Anyway, some of you might know I’m a hoarder by nature. I tend to keep things in case I need them at some later date, which brings with it the very Kate issue that whenever I put something away “somewhere safe” I can never bloody find the thing again.
So this week has been three days of hunting through assorted saved paperwork dating back to before I moved to the USA (20 years of documentation… joyous) in search of the Very Important Document that I knew I’d put Somewhere Safe and needed to find.
Two bulging trash bags of obsolete paperwork and a relatively small pile of documents to keep later I finally found the thing – and yes, it was in a safe place. Just not the safe place I’d thought it was in.
Yes I do have a number of storage caches containing various important things. Yes, I occasionally put something in the wrong one. And yes, I absolutely need to clean the bloody things out more often. I also need to win the bloody lottery or otherwise acquire enough of an independent income that I don’t need the day job because I don’t have the time to keep everything organized.

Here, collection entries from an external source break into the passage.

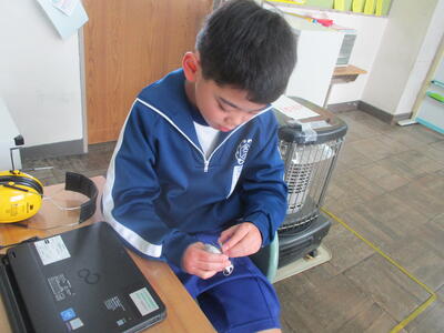 3年生は理科。自分達で調べた電気を通す物と通さない物を確かめています。
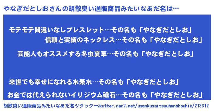 | 伝説のあだ名 | 『封印されしスナイパーやなぎだとしお』 |
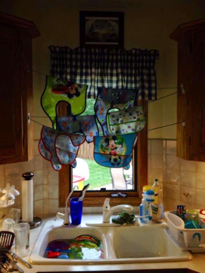 Sure, I’ve gotten a little lazy about it: just washing the one bottle I need rather than the whole sinkful many times, just to need to keep doing that before every bottle. Last week I realized by slacking on the hand-washing, I had run out of bibs so I tied a still slightly damp one around Brandon’s neck and he lost his cool. That was not acceptable. These bibs take forever to dry atop dishes in the drying rack. So I made a bib line. Now my bibs dry very quickly.
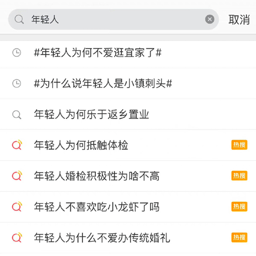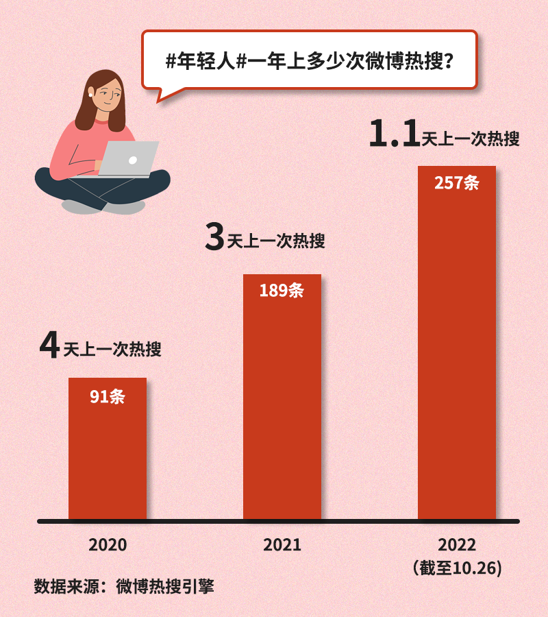微博热搜上,关于“年轻人”的话题越来越多 图源:九派新闻
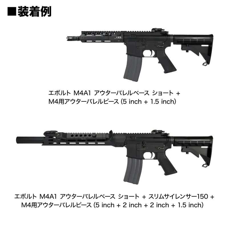 バレルレングスを短く設定することで、当社製のM4用アウターバレルピースやカーボンバレルピースと組み合わせたカスタムが可能になります。

Or rather, I don’t have the time and mental energy to keep things organized. The latter being more of an issue than the former. By the end of a work day, I have a severe case of no can haz brane, and the end of a work week is usually worse. It takes most of the weekend to recover, and then the cycle starts again.

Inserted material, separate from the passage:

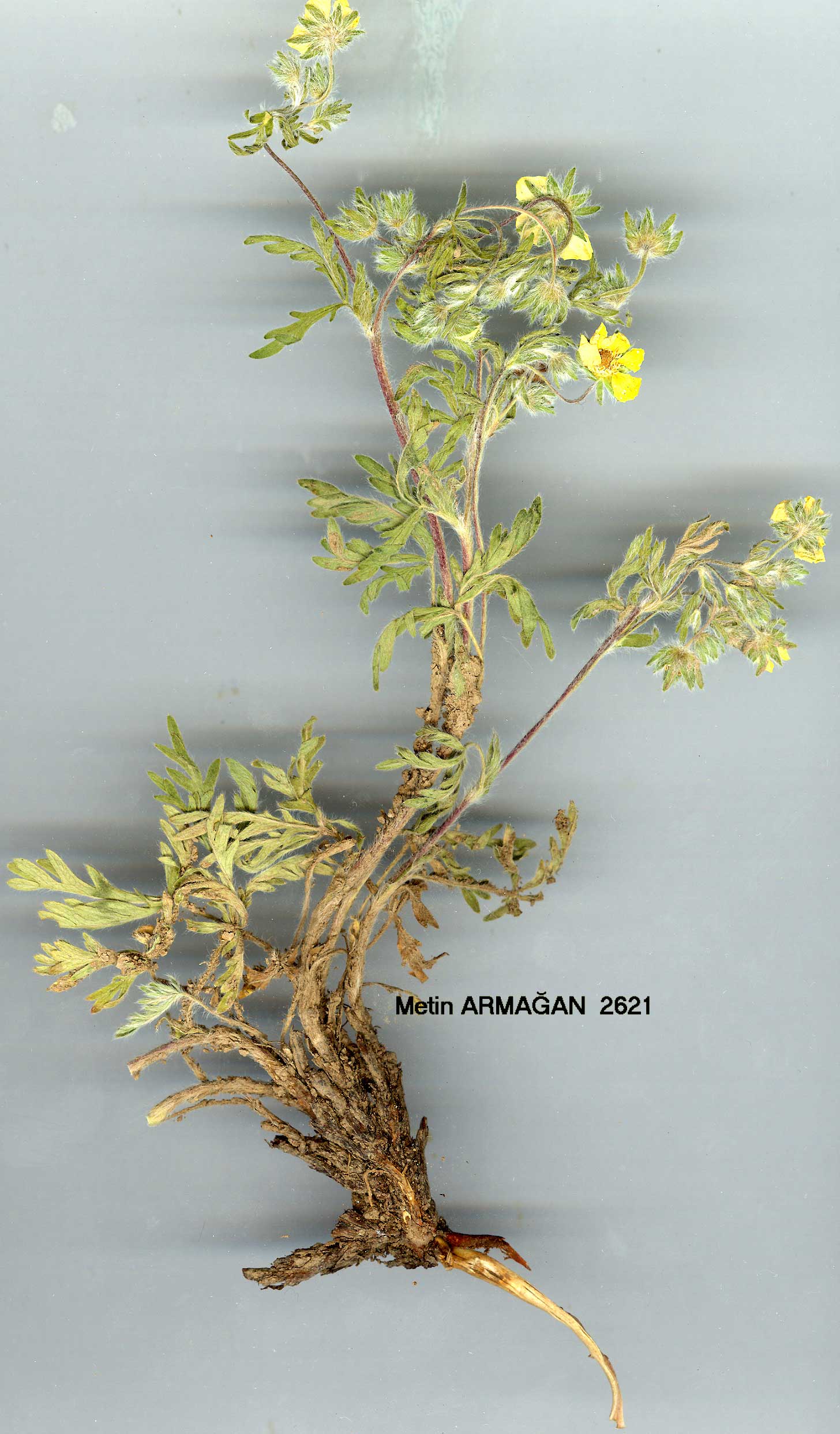 P. inclinata Vill., Hist. P1. Dauph. 3:567 (1788). Syn: P. canescens Besser, Primit. F1. Galic. 1:330 (1809). Ic: Reichb., Ic. Fl. Germ. 25: t. 24 (1910); Fl. Iranica-Rosaceae 1: t. 36 f. 1 (1969). Erect or ascending perennial, 15-50 cm. Flowering stems villous and with long patent hairs. Leaves digitate; leaflets 5-7, oblong-obovate; 15-40 x 7-16 mm, Serrate incised-dentate or pinnatifid with 6-12 pairs of teeth, ± grey-pubescent to-villous beneath, with some long simple hairs on the veins, usually sparselyvillous, green above. Epicalyx segments linear-oblong, shorter than ovate, 3-4 mm sepals. Petals yellow, obcordate, 5-7 mm. Achenes minutely rugulose; style subterminal, conical-filiform, slightly longer than achene. Fl. 6-8. Damp places, meadows, s. 1.-2300 m. Type: [France] environs de Sigoyer (Dauphine). Scattered throughout Turkey. A1(E) Kırklareli: nr. Velika Köprüsü, A. Baytop 13881! A2(E) Istanbul: Belgrat Ormani, 30 m, Balls 1935: 2380! A4 Zonguldak: Keltepe above Yenice at Sorgun Y., 1300 m, D. 38974! A5 Samsun: Ladik Istasyonu, Karadağ, 1050 m, Tobey 1144! A6 Amasya: Erbaa to Kozlu, 550 m, Tobey 2192! A9 Kars: 11 km from Kars to Selim, 1780 m, Hub.-Mor. 15383! B1 Balikesir: Edremit, Kazdağ-Beypinari, 1300 m, N. Yakar et al. (ISTF 26891!) B2 Denizli: edge of Buldan G., 29 vi 1965, Regel & Zeybek (EGE)! B9 Bitlis: E. flank of Nemrut Da., 1850 m, D. 23545! Van: Çatak, Kavuşşahap Da., 2300 m, D. 23045! B10 Kars/Ağrı: Doğubayazit to Iğdir, 2050 m, M. Zohary & Plitm. 2265-80! C6 Adana: d. Bahçe, Dumanli Da., Haradj. 3641! C. & S. Europe, C. & S. Russia, Caucasia, Iran, C. & N. Asia; naturalized in N. America. A very variable species, especially in the density of indumentum. Many hybrids have been recorded in Europe between this and other species of sections Argenteae and Rectae. According to Fl. Europaea 2, P. inclinata is intermediate between these two sections and may represent another apomictic hybrid complex. The specimen from B9 Van (cited above) is somewhat intermediate between this species and P. recta 'group C'. |

My vacations usually consist of a day or two doing nothing, followed by a slow ramp up to actually being able to think – the sorting I did this week happened in bursts with mental recovery time in between because I’m still thinking through a heavy layer of cotton wool from accumulated fatigue. It’s my life – it’s more or less Kate-normal to be this way, and I’d probably need a week or two of near hibernation to really recover, but I don’t have it so I make do with what I can get. Narcolepsy may be pretty much invisible to the general population, but that doesn’t make it suck any less (probably my biggest fear is that I’ll be in an accident and lose my drivers license because “driving while narcoleptic” can be a thing – it’s not technically illegal where I live, but having to prove to a government body that I’m managing it properly isn’t something I want to do. Public transport is non-existent around here, so no license = no going anywhere unless someone drives me).
That said, I now know where the Very Important Document is, and it’s in one of the safe place caches that makes sense. Whether it will still make sense in a year or two is anyone’s guess, but it’s a reasonably obvious location.
So, have a Buttercup being very relaxed and unlike her normally dignified and regal self, and may the USAians among us all have a wonderful Independence Day weekend.